> **DATA TO USE**:
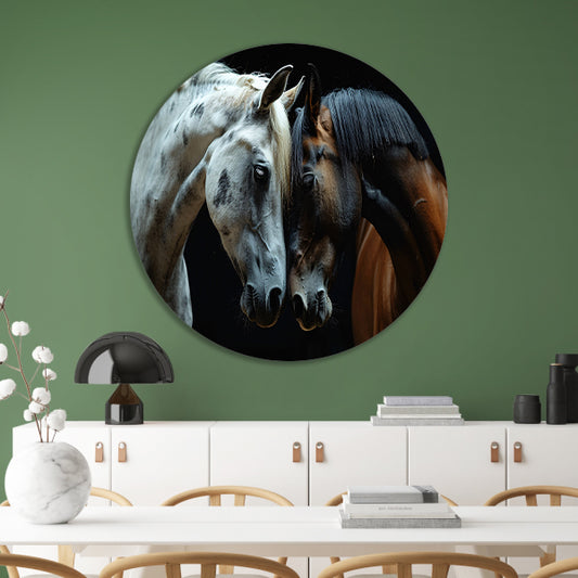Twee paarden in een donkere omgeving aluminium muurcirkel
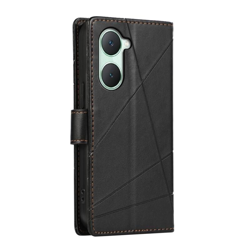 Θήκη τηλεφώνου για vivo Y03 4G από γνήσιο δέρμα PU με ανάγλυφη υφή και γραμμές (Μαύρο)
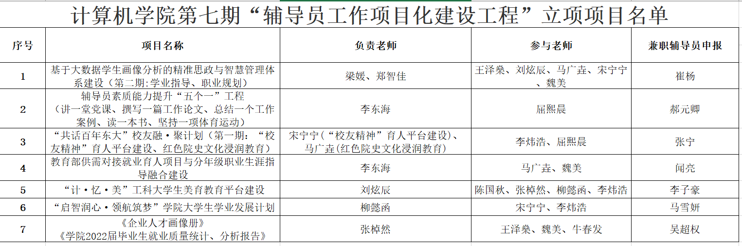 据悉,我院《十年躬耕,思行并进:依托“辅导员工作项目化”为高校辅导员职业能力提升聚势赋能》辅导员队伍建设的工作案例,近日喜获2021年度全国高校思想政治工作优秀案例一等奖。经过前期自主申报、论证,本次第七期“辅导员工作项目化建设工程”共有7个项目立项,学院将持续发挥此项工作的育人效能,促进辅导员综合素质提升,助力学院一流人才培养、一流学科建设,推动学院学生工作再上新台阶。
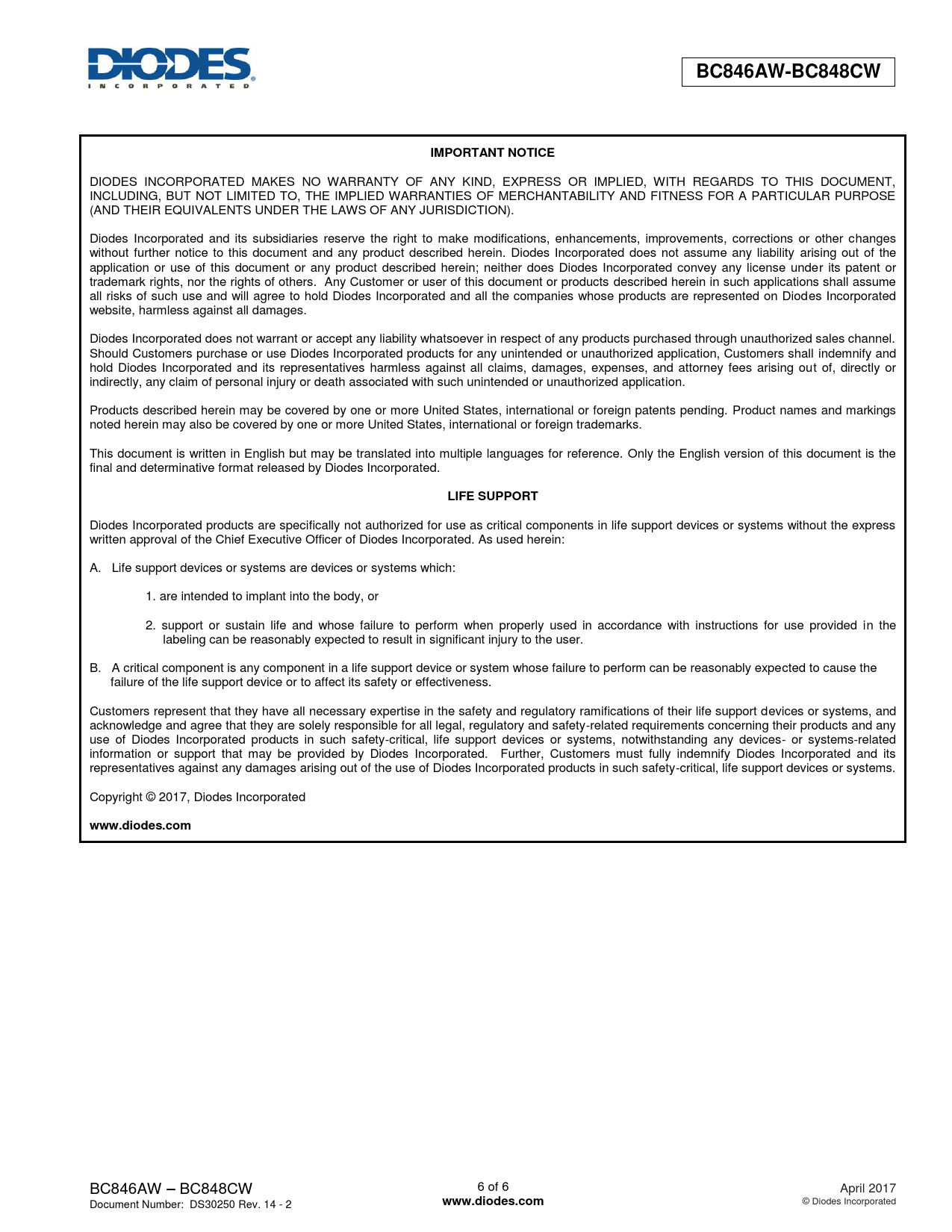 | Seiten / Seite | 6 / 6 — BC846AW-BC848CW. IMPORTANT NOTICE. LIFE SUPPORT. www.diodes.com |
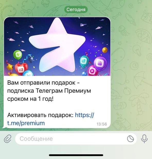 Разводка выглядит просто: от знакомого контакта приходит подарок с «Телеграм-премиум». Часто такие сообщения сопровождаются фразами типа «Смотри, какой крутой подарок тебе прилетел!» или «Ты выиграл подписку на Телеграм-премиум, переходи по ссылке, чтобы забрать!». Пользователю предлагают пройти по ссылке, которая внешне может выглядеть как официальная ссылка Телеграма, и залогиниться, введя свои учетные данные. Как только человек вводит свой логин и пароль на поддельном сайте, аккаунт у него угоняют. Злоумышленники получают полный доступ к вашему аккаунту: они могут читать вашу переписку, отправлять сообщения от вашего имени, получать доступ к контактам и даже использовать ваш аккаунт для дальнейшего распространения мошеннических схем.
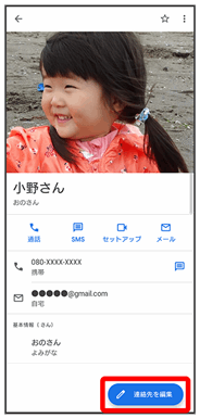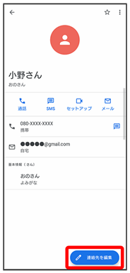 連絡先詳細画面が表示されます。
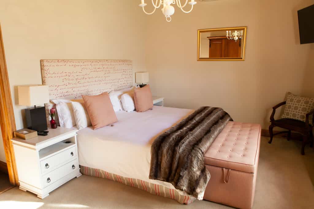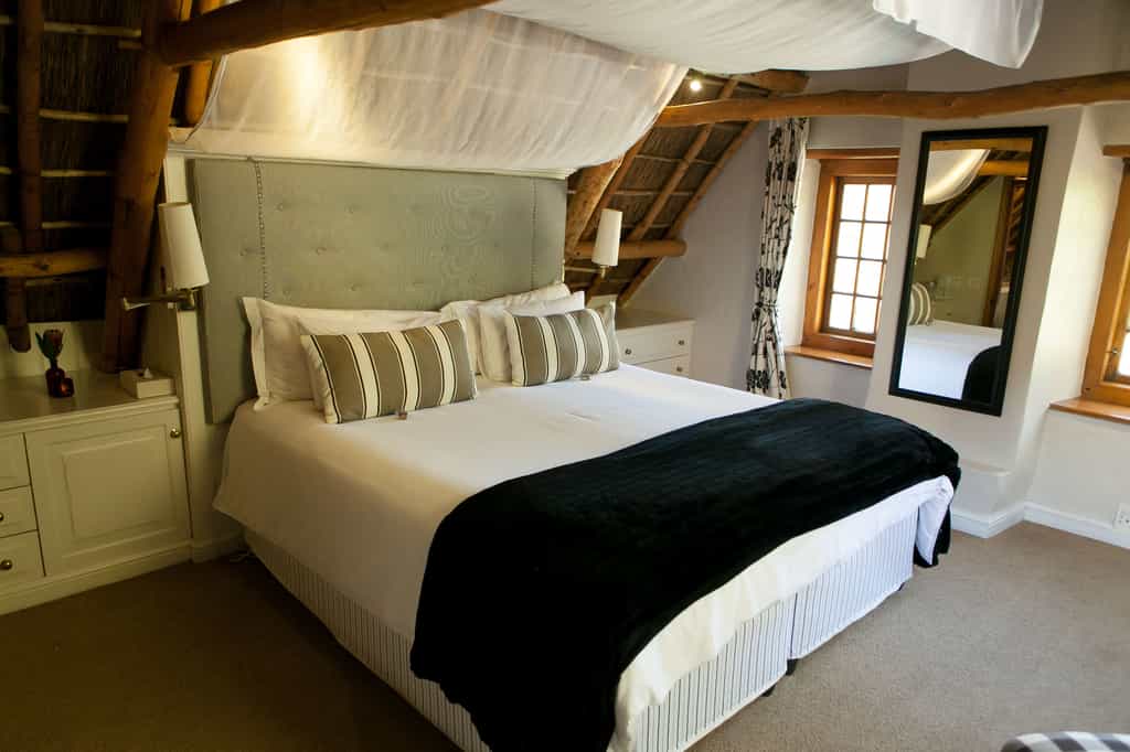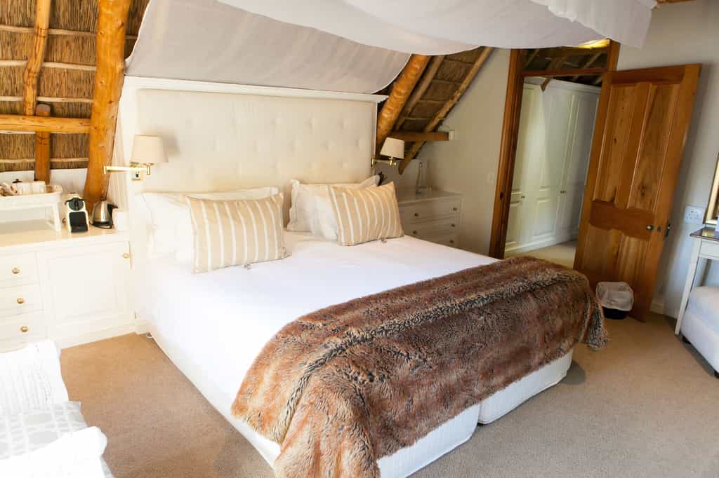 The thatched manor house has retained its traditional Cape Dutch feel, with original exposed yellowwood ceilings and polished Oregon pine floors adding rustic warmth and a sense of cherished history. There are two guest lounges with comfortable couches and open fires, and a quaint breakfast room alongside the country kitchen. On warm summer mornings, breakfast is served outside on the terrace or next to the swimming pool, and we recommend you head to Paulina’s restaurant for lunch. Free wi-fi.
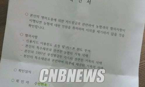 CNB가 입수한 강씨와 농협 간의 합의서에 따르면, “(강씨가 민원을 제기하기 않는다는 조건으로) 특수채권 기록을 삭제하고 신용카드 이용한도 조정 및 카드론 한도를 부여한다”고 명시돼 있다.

> **WHAT THE EXERCISE ASKS**:
Nothing but the lines from the start of the records through the line holding "SUPPORT. www.diodes.com |" should be printed, exactly as written and with the pictures left out.

> **OUTPUT OF THE EXERCISE**:
Twee paarden in een donkere omgeving aluminium muurcirkel
 Θήκη τηλεφώνου για vivo Y03 4G από γνήσιο δέρμα PU με ανάγλυφη υφή και γραμμές (Μαύρο)
 据悉,我院《十年躬耕,思行并进:依托“辅导员工作项目化”为高校辅导员职业能力提升聚势赋能》辅导员队伍建设的工作案例,近日喜获2021年度全国高校思想政治工作优秀案例一等奖。经过前期自主申报、论证,本次第七期“辅导员工作项目化建设工程”共有7个项目立项,学院将持续发挥此项工作的育人效能,促进辅导员综合素质提升,助力学院一流人才培养、一流学科建设,推动学院学生工作再上新台阶。
 | Seiten / Seite | 6 / 6 — BC846AW-BC848CW. IMPORTANT NOTICE. LIFE SUPPORT. www.diodes.com |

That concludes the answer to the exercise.